Source records
◇ ◇ ◇ ◇

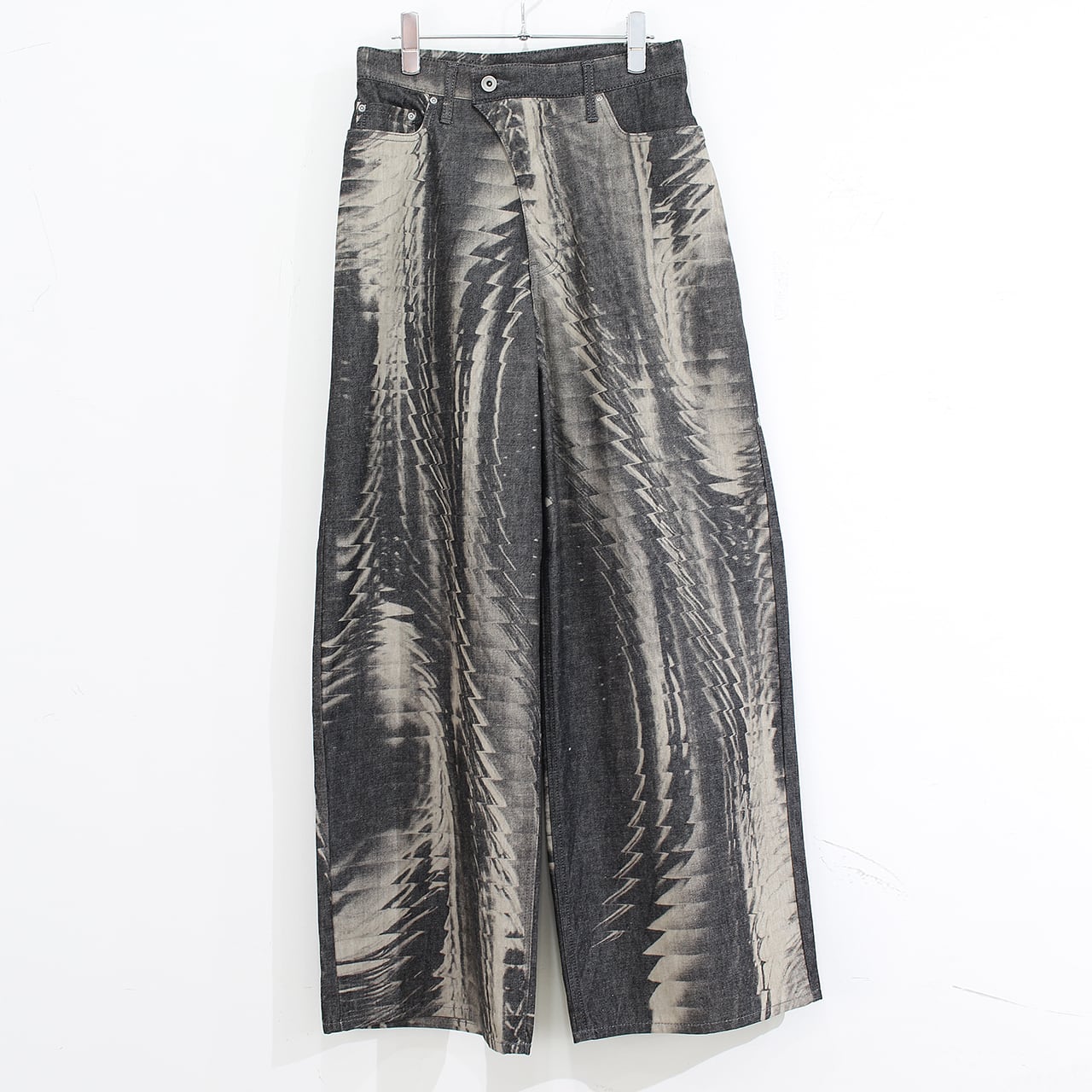 - 連続する光の瞬きを抜染(ブリーチ)によって表現したワイドデニム
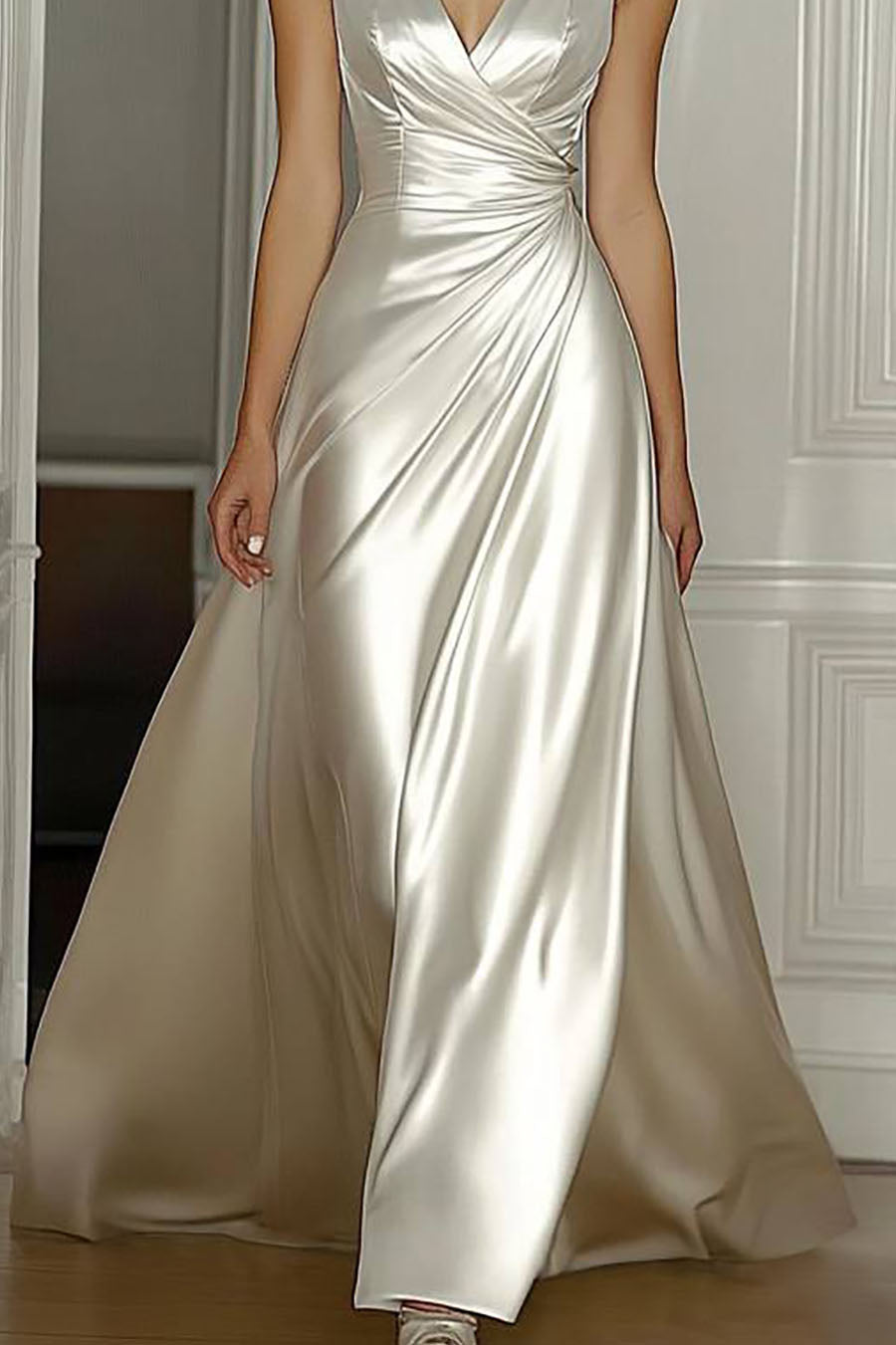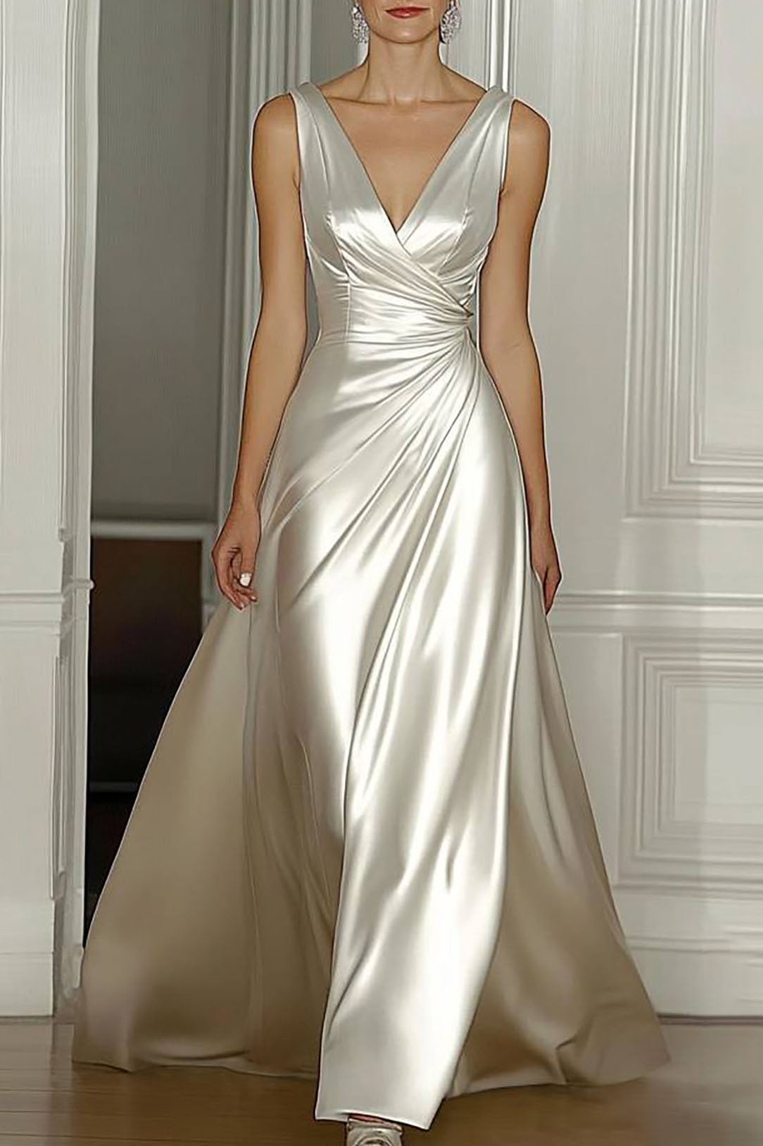 Evening Prom Satin Dress Off-White Sleeveless V-Neck Floor-Length Dress
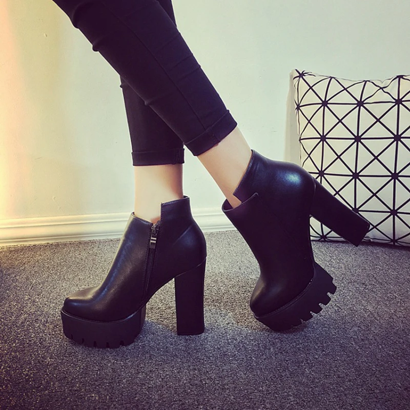 ботинки на платформе туфли на платформе ботильоны женские обувь женская осень Женские резиновые ботильоны на молнии comemore, черные ботильоны на платформе и толстом очень высоком каблуке, осенние ботинки для женщин
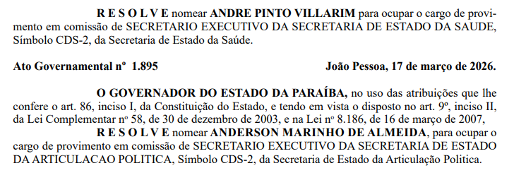 O governador da Paraíba, João Azevêdo, oficializou a nomeação de novos secretários executivos para as pastas de Articulação Política e de Saúde. As designações foram publicadas na edição desta quarta-feira (18) do Diário Oficial do Estado.
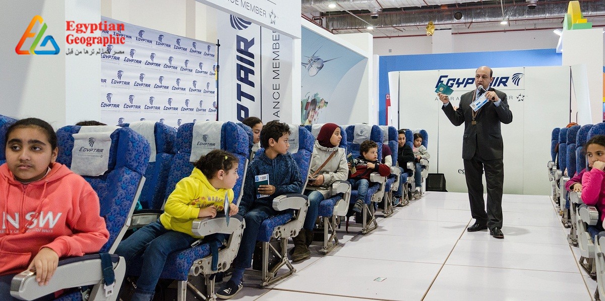 "مرحبًا بكم علي متن طائرة مصر للطيران رقم (.......) والمتجهة بكم إلي (......) نرجو من سيادتكم التأكد من ربط الأحزمة استعدادًا للإقلاع".. أسرع العشرات من الأطفال الجالسين علي مقاعد تلك الطائرة، والتي وضعت الشركة الوطنية مصر للطيران، نموذج لها داخل معرض القاهرة الدولي للكتاب، بربط الأحذمة
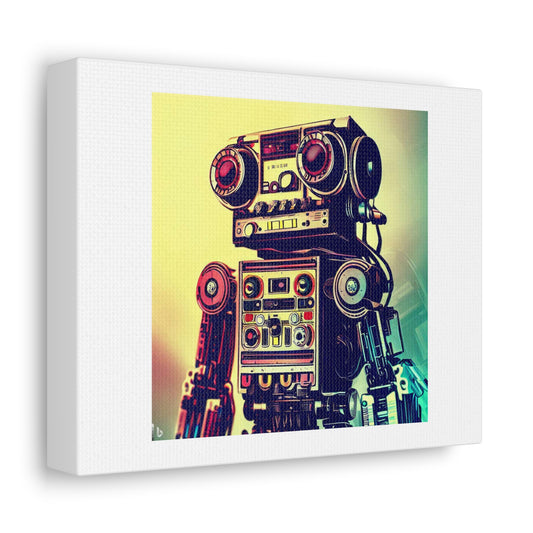 Robot Made From Analogue Stereo Equipment digital art 'Designed by AI' on Satin Canvas
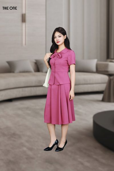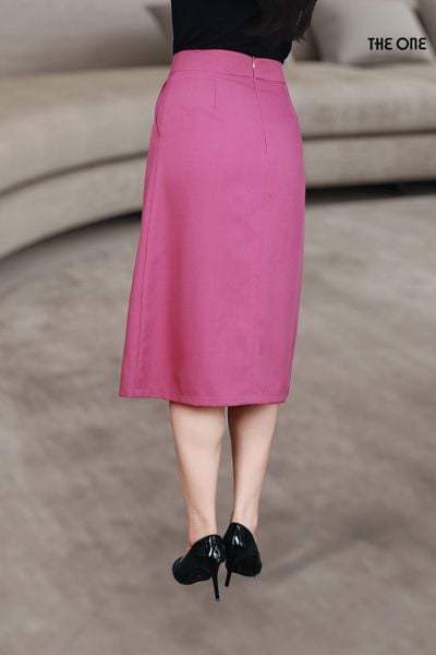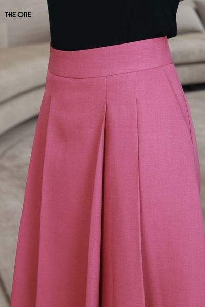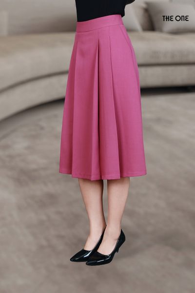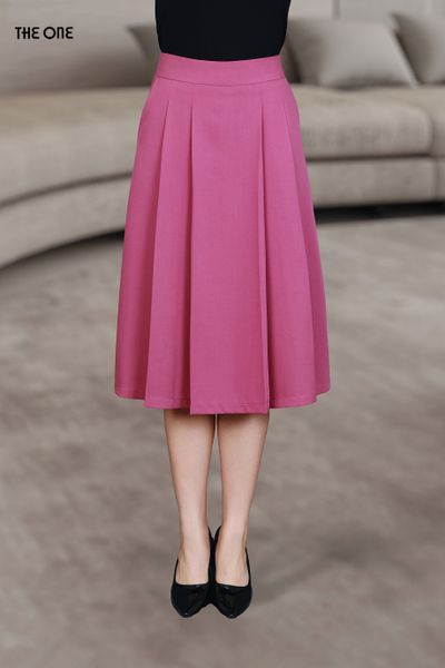 Chân váy 2 lớp dáng A xước hồng tím xếp ly thân trước
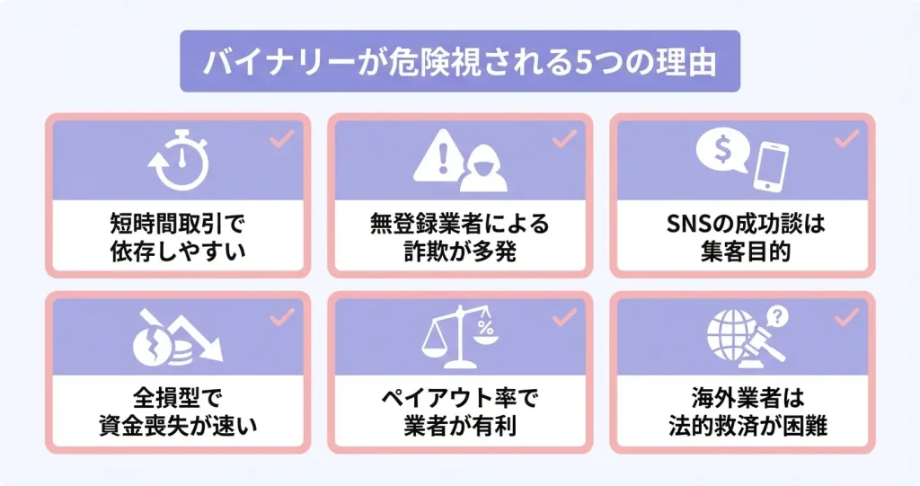 構造上、業者側が有利な設計になっており、長期的に利益を出し続けることが統計的に難しい仕組みである点が、投資対象として「やばい」と評価される根本的な理由です。
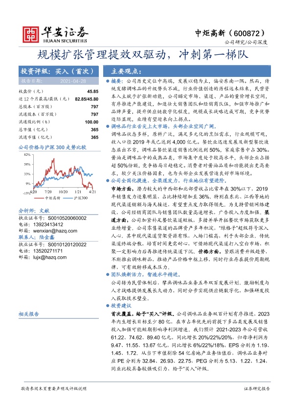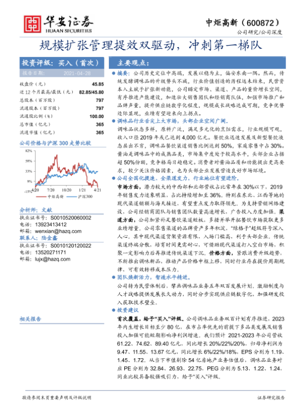业绩预测 中炬高新 管理提效 规模扩张 调味品行业
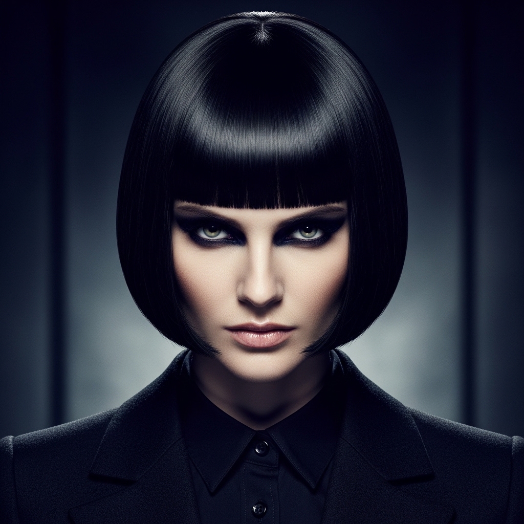 Precision is key. The bangs must be perfectly straight. Use a flat iron on both the bangs and the ends of the bob to achieve that sharp, crisp line. A shine spray adds to the dramatic, otherworldly effect.
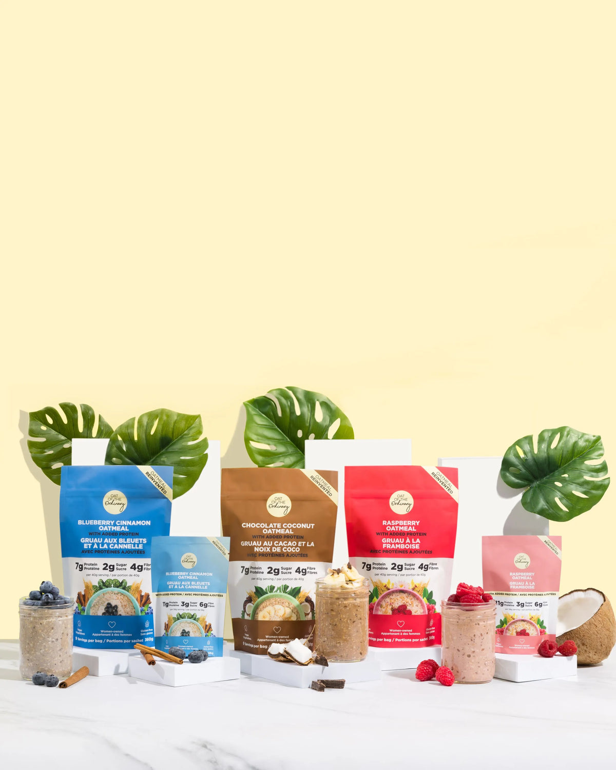 Our oatmeal comes in three delicious flavours. Blueberry Cinnamon, Chocolate Coconut and Raspberry.
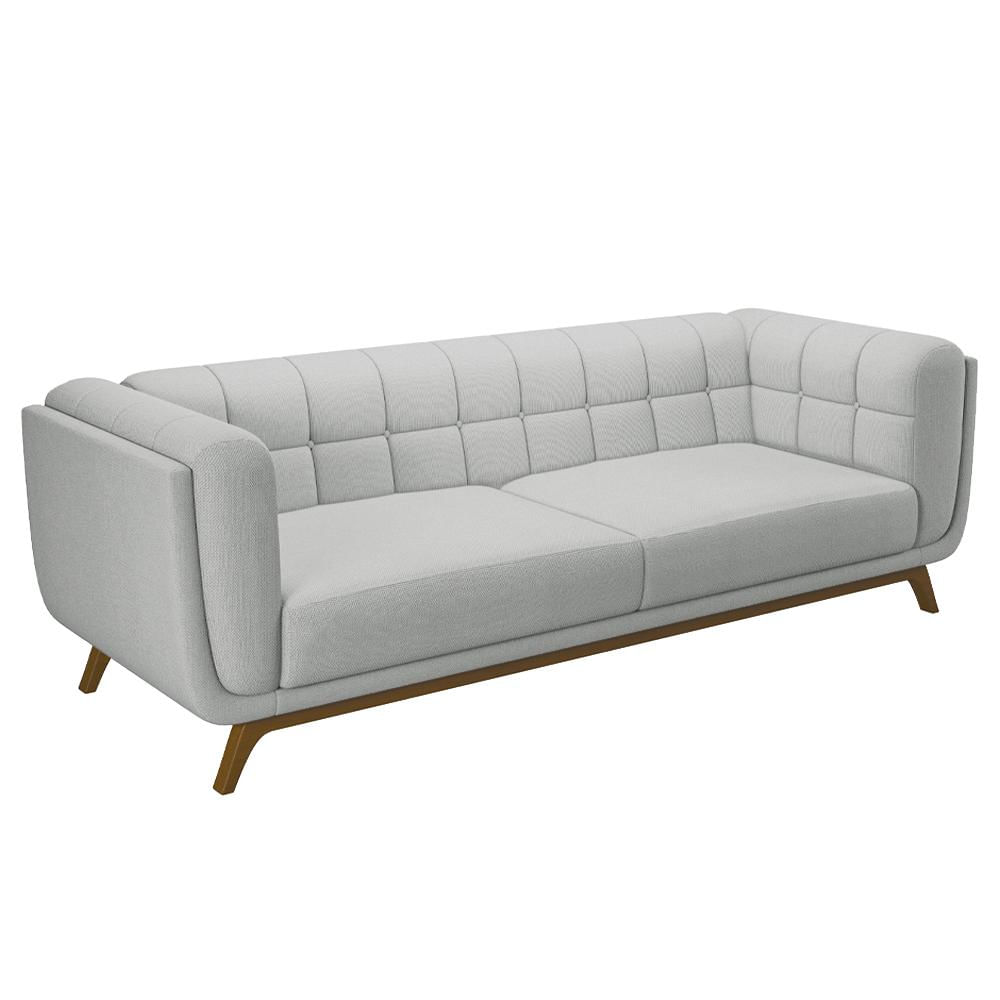 Sofá 03 Lugares Para Sala De Estar Pés Em Madeira 240cm Florian M03 Linho Cinza - Lyam Decor
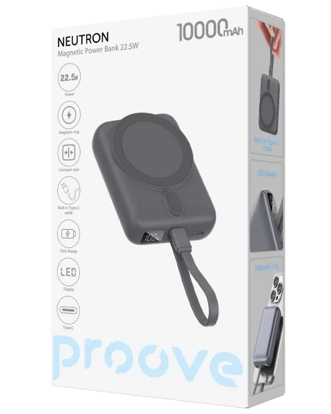 Battery capacity: 10000mAh; maximum power: 22.5W; magnetic ring; LED display; compact size; built-in Type-C cable; fast charging.
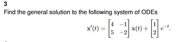 Alla lösningar till den homogena ekvationen PLUS en partikulärlösning till den givna ekvationen.
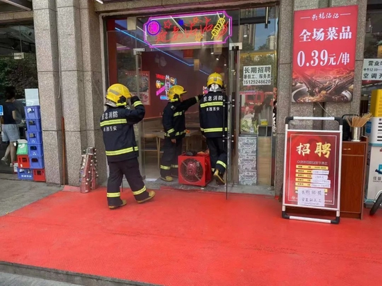2022年5月31日,高陵区一门面房起火,渭华路消防站立即赶赴现场,到场后发现一饭馆2楼冒烟,无明火,据报警人称是油锅造成起火,消防员10分钟后将零星火点全部处理完毕!
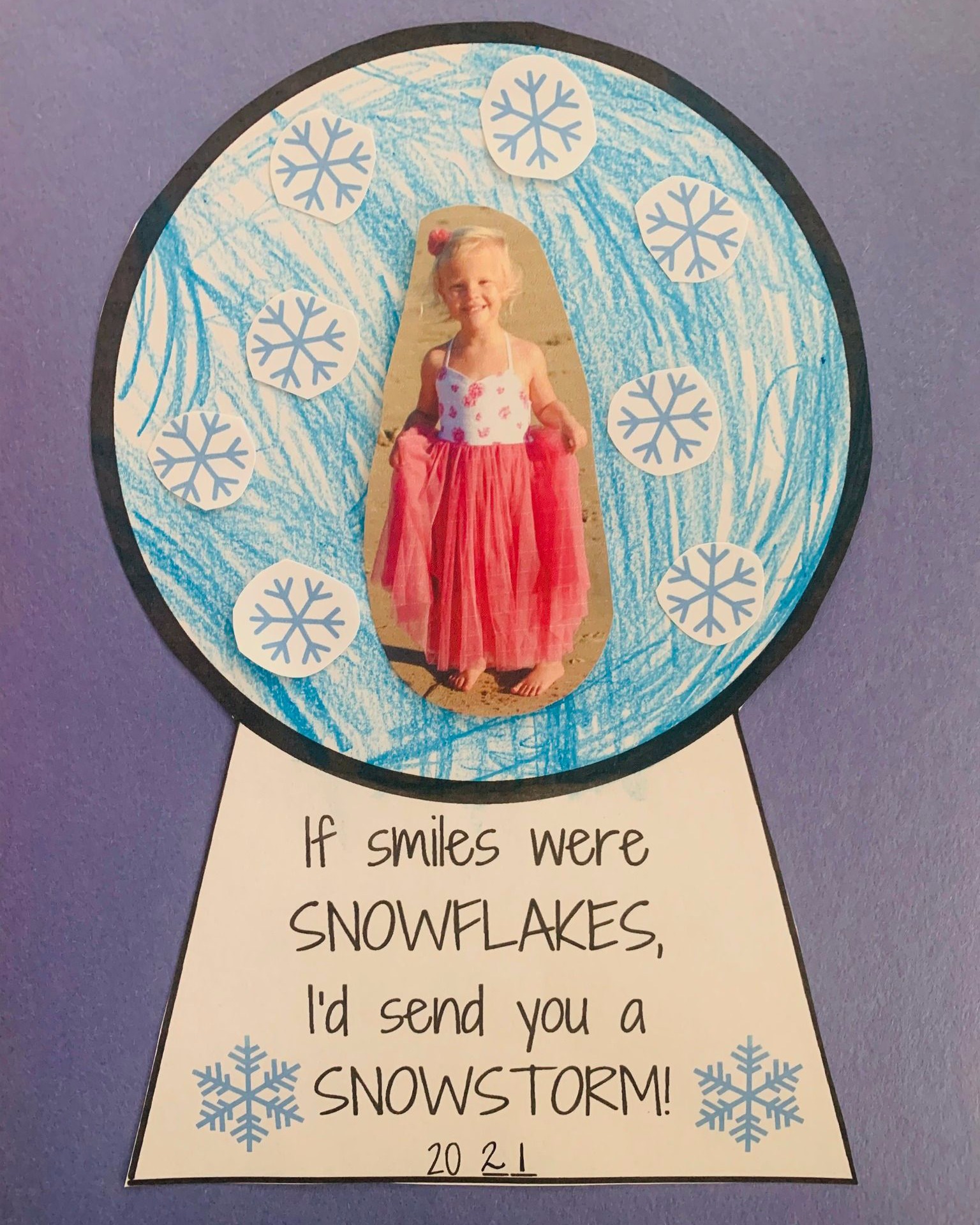 To make this adorable snow globe craft, begin by cutting out a circle from white paper for the globe and a trapezoid shape from white paper for the base. Have your child color the globe background with blue crayon or marker to create a wintry scene. Print and cut out a small photo of the child and glue it in the center of the globe. Next, cut out or print small snowflake shapes and glue them around the photo inside the globe. Add a year at the bottom, then glue the globe and base together onto a piece of construction paper. This makes a perfect keepsake or holiday gift!

◇ ◇ ◇ ◇

Work to complete> Repeat exactly, and only, the entries from the line with "ботинки на платформе" through the line with "2022年5月31日,高陵区". Pictures are skipped.

Your solution>
 ботинки на платформе туфли на платформе ботильоны женские обувь женская осень Женские резиновые ботильоны на молнии comemore, черные ботильоны на платформе и толстом очень высоком каблуке, осенние ботинки для женщин
 O governador da Paraíba, João Azevêdo, oficializou a nomeação de novos secretários executivos para as pastas de Articulação Política e de Saúde. As designações foram publicadas na edição desta quarta-feira (18) do Diário Oficial do Estado.
 "مرحبًا بكم علي متن طائرة مصر للطيران رقم (.......) والمتجهة بكم إلي (......) نرجو من سيادتكم التأكد من ربط الأحزمة استعدادًا للإقلاع".. أسرع العشرات من الأطفال الجالسين علي مقاعد تلك الطائرة، والتي وضعت الشركة الوطنية مصر للطيران، نموذج لها داخل معرض القاهرة الدولي للكتاب، بربط الأحذمة
 Robot Made From Analogue Stereo Equipment digital art 'Designed by AI' on Satin Canvas
 Chân váy 2 lớp dáng A xước hồng tím xếp ly thân trước
 構造上、業者側が有利な設計になっており、長期的に利益を出し続けることが統計的に難しい仕組みである点が、投資対象として「やばい」と評価される根本的な理由です。
业绩预测 中炬高新 管理提效 规模扩张 调味品行业
 Precision is key. The bangs must be perfectly straight. Use a flat iron on both the bangs and the ends of the bob to achieve that sharp, crisp line. A shine spray adds to the dramatic, otherworldly effect.
 Our oatmeal comes in three delicious flavours. Blueberry Cinnamon, Chocolate Coconut and Raspberry.
 Sofá 03 Lugares Para Sala De Estar Pés Em Madeira 240cm Florian M03 Linho Cinza - Lyam Decor
 Battery capacity: 10000mAh; maximum power: 22.5W; magnetic ring; LED display; compact size; built-in Type-C cable; fast charging.
 Alla lösningar till den homogena ekvationen PLUS en partikulärlösning till den givna ekvationen.
2022年5月31日,高陵区一门面房起火,渭华路消防站立即赶赴现场,到场后发现一饭馆2楼冒烟,无明火,据报警人称是油锅造成起火,消防员10分钟后将零星火点全部处理完毕!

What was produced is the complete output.